AIM OF THE EXERCISE: In the entries that follow, repeat exactly the lines from the one that has "Ramo de flores tejidas." through the one that has "Das Herzstück der", but omit pictures.

Records from a data source:
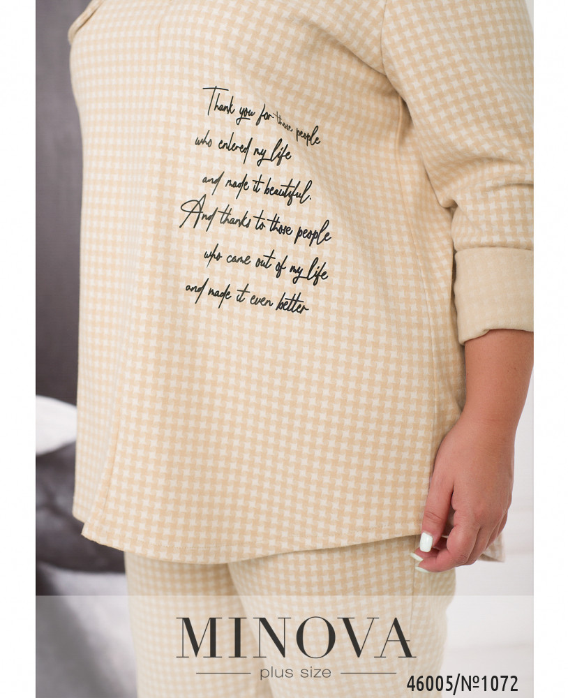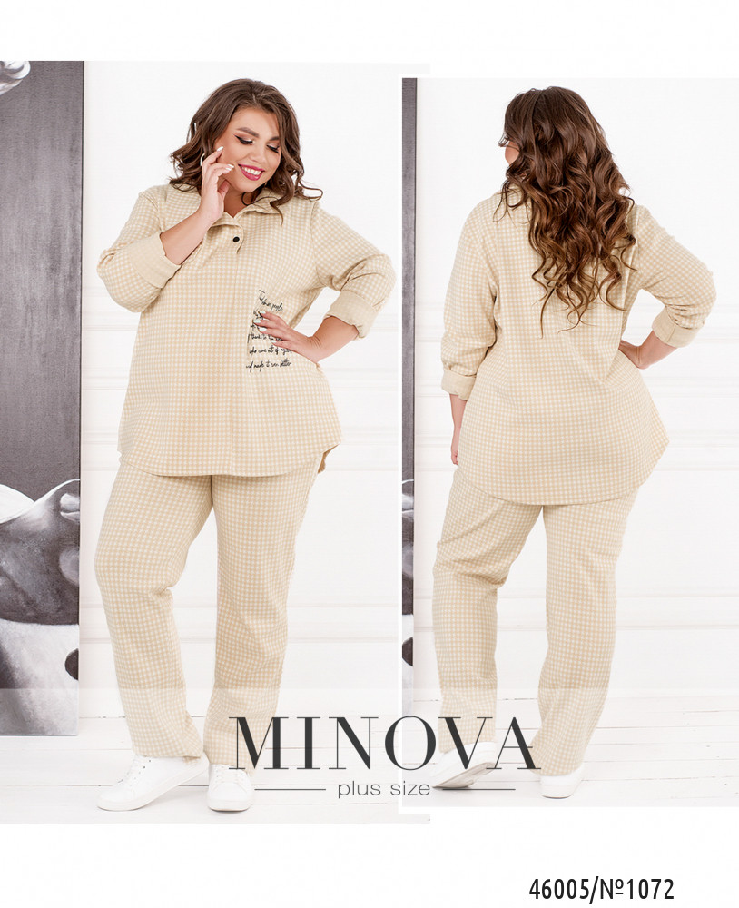 Комфортный клетчатый костюм, состоящий из рубашки и брюк, отличается удобством и практичностью. Яркая рубашка с длинными рукавами и воротником, изюминкой которой является ассиметрично вшитая планка с пуговицами и клапан, имитирующий карман, на груди, идеально дополнена минималистичными брюками на резинке с карманами в боковых швах.
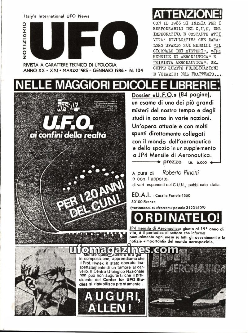 This issue of UFO magazine, dated March 1985 - January 1986, focuses on ufological news and investigations. It features a report on a UFO sighting in Portonovo, Ancona, on August 1
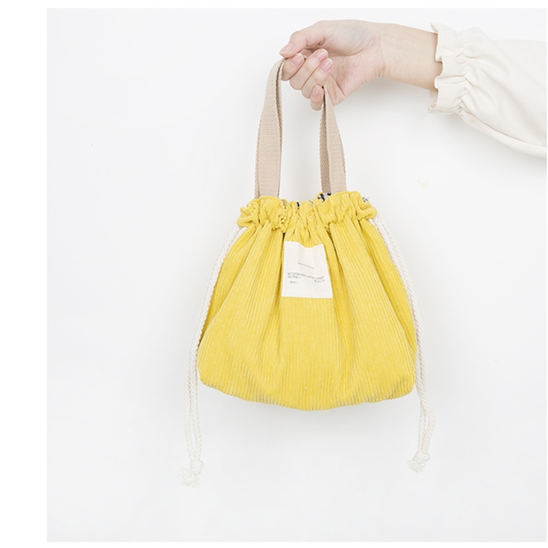 Вельветовая Портативная сумка для ланча на шнурке, однотонная сумка для пикника, сумка для пикника, контейнер для хранения еды
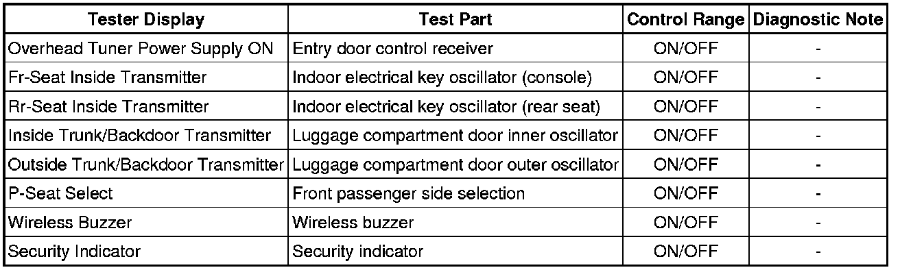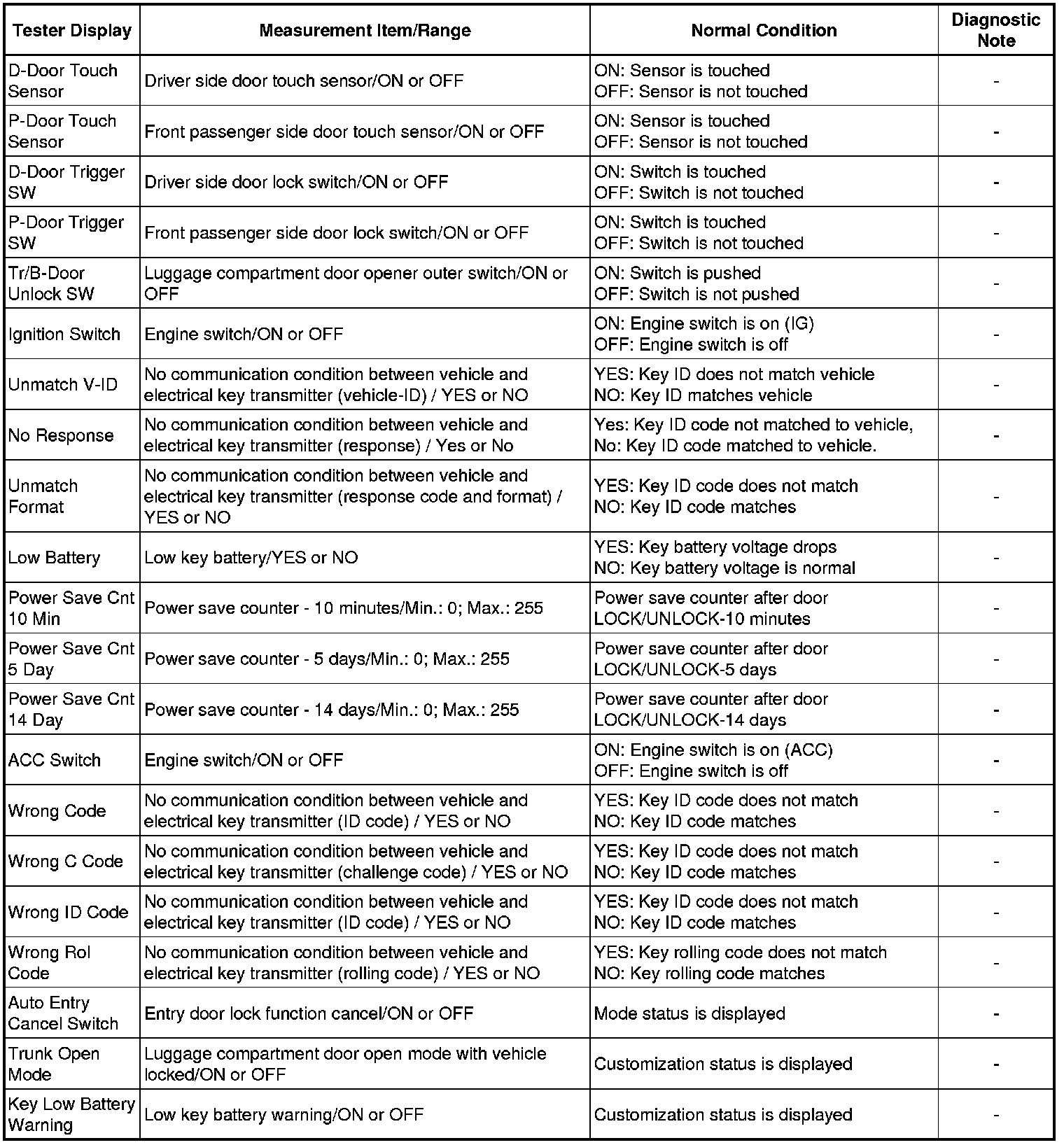 THEFT DETERRENT / KEYLESS ENTRY: SMART KEY SYSTEM (for Entry Function): DATA LIST / ACTIVE TEST
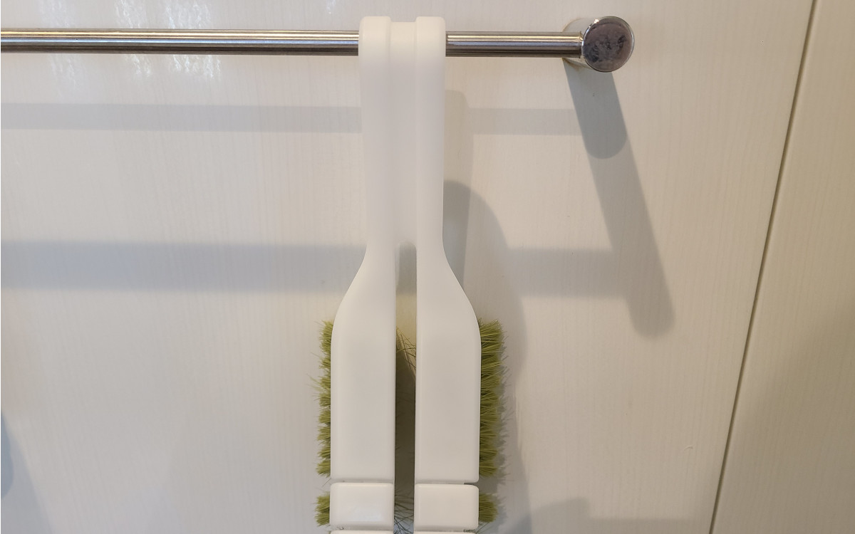 実際にお風呂用の中性洗剤をつけて泡立ててみると、こんなに泡立ちました。これだと浴槽を傷つけずに洗うことができそうですね。大きさは約11(幅)×27(長さ)×10cm(高さ)のコンパクトサイズ。柄の下がカーブしているので、フックのようにして吊り下げて収納することができます。
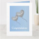 Cartão azul de parabéns de Natal para pais com gêmeos bebês. A design mostra balões em forma de coração no céu. Cada balão pode ser personalizado para os nomes dos gêmeos e mensagens que o dentro também pode ser personalizado. Um cartão extra moderno que pode ser dado pela família, amigos ou padrinhos.
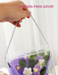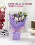 Ramo de flores tejidas. Un detalle único y lleno de encanto: este ramo de flores tejidas a mano estilo crochet viene presentado en una elegante caja transparente con lazo decorativo, listo para regalar y sorprender en cualquier ocasión especial. Sus colores vibrantes y diseño artesanal lo convierten en un obsequio original, ideal para cumpleaños, aniversarios, San Valentín o simplemente para expresar cariño con un detalle que nunca se marchita.
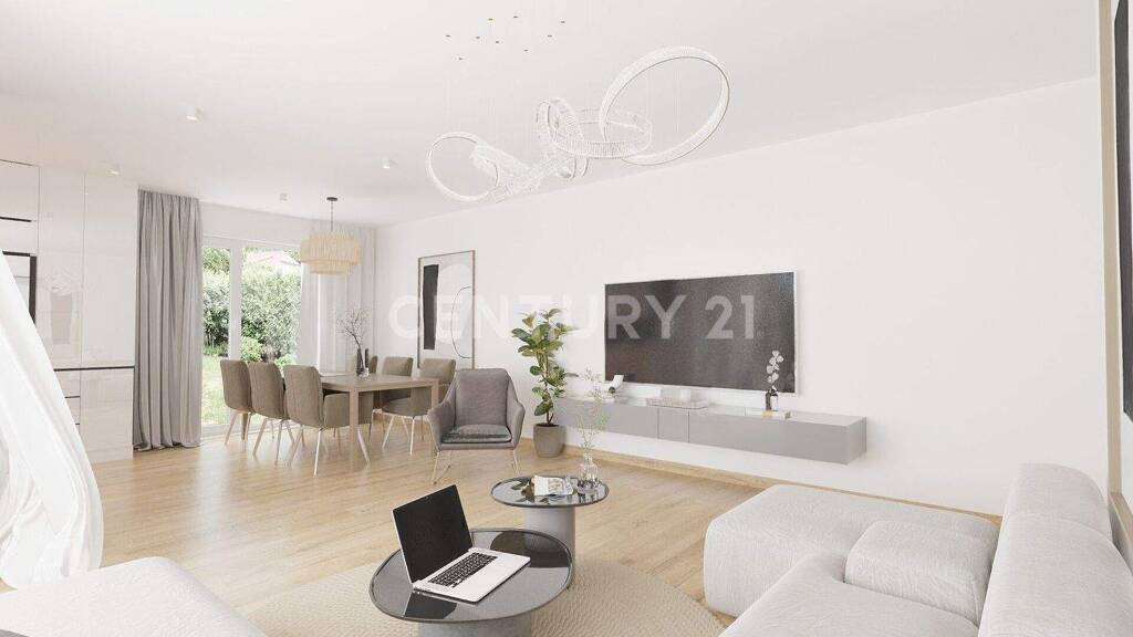 Das Herzstück der Wohnung bildet der offene Wohn-, Ess- und Kochbereich, perfekt für gemeinsame Stunden und geselliges Beisammensein. Große Fenster lassen viel Tageslicht herein und schaffen ein einladendes Ambiente. Vom Wohnbereich gelangen Sie direkt auf die private Terrasse, die zusätzlichen Freiraum zum Entspannen bietet.
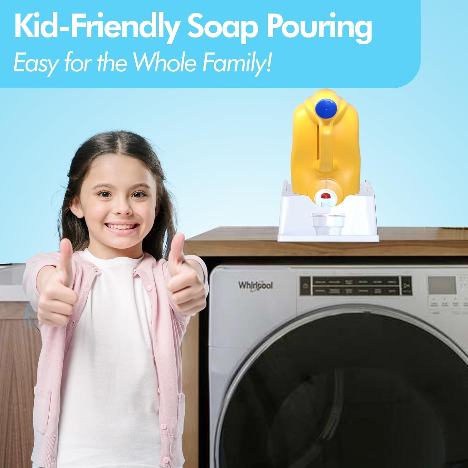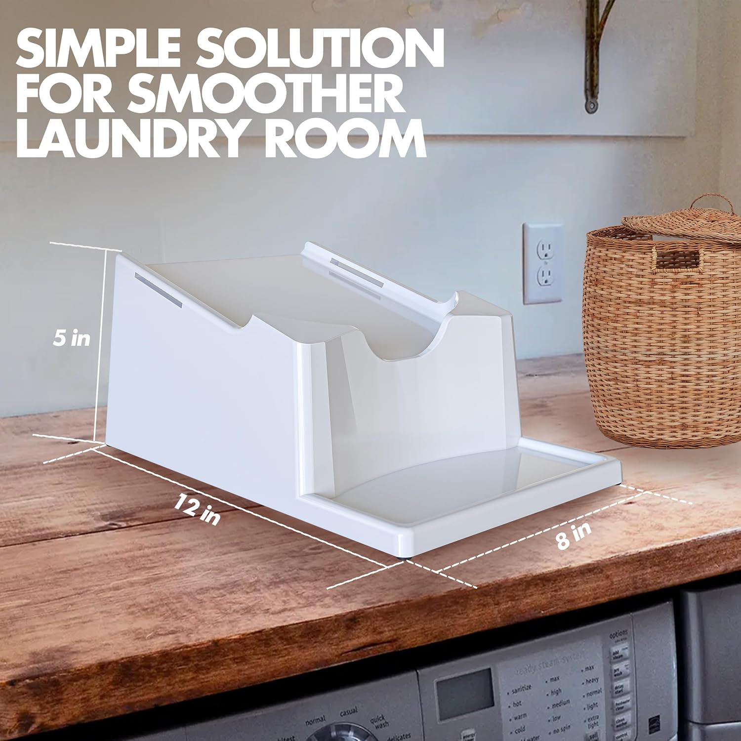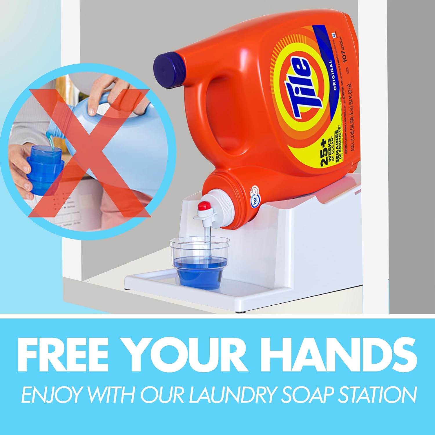 El colector de goteo de ropa en ángulo pendiente de patentes permite verter sin derrames sin inclinar o levantar la botella, gracias a su pendiente descendente que hace que el jabón se derrame fácilmente., Las patas de goma del organizador de detergente garantizan una colocación segura y estable., El dispensador de jabón para ropa viene con una correa para sujetar la botella de detergente cuando se coloca en la lavadora, proporcionando mayor comodidad y seguridad durante el uso., El borde moldeado de la plataforma evita que la taza medidora se deslice o se caiga, asegurando que el jabón o el detergente no gotee en los estantes o el piso, manteniendo la zona de lavandería limpia y ordenada., El soporte para detergente para ropa tiene dimensiones de 12.2 pulgadas de largo, 7.9 pulgadas de ancho y 5.5 pulgadas de alto. El jabón y la botella no están incluidos en la estación.

TASK RESPONSE:
 Ramo de flores tejidas. Un detalle único y lleno de encanto: este ramo de flores tejidas a mano estilo crochet viene presentado en una elegante caja transparente con lazo decorativo, listo para regalar y sorprender en cualquier ocasión especial. Sus colores vibrantes y diseño artesanal lo convierten en un obsequio original, ideal para cumpleaños, aniversarios, San Valentín o simplemente para expresar cariño con un detalle que nunca se marchita.
 Das Herzstück der Wohnung bildet der offene Wohn-, Ess- und Kochbereich, perfekt für gemeinsame Stunden und geselliges Beisammensein. Große Fenster lassen viel Tageslicht herein und schaffen ein einladendes Ambiente. Vom Wohnbereich gelangen Sie direkt auf die private Terrasse, die zusätzlichen Freiraum zum Entspannen bietet.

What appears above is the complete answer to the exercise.